I do not care if the entire city of Boston, New England, East Coast of the US, the entire country, or the entire world is having internet connectivity problems! When I call you because my service is not working I expect to either:
- Talk to a person, to whom I can explain my service problem and receive help or direction
- Be able to loge a service out notice with a computer
- Be told of known service problem in my area and be provided with a estimated time of service restoration
Any of those is acceptable. Just to be clear and ensure that I am not being unreasonable in my request, when my power goes out, my power company offers all 3 of those options depending on the circumstances. Now, the ETA I am told by the power company is not always correct. However, it is updated from time to time, and they will call me back if and when they update the ETA. Also, they call me back after they expect the power has been restored to confirm that my reported outage has been resolved. That is how a service outage should be handled, if you ask me. Excellent job government sponsored monopoly, nStar.

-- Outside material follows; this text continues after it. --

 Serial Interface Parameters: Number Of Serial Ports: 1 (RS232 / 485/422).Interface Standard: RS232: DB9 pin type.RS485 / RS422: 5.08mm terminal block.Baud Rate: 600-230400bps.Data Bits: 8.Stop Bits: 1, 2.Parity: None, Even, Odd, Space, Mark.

Being told to go online for help when the internet is not working is not acceptable! At the very least your system should detect that there is an internet problem and not play that recording. With the power company, most of those options are handled automatically by a computer, which is fine. No one expects a service provided to have enough people answering calls to deal with the flood of complaints during a service outage. However, we should be informed of the problem, when we call; not disconnected because too many people are calling. If I have to turn to twitter to find out that this is a larger problem and not just me, as well as find the solution (use google’s dns servers), then you as a service provider have failed miserably. I don’t know why I expected that you would not fail in this case, you fail every day all of the time. I really don’t understand why the government monopoly power company provides an entirely different level of customer service than you; you technically do at least have some minor form of competition.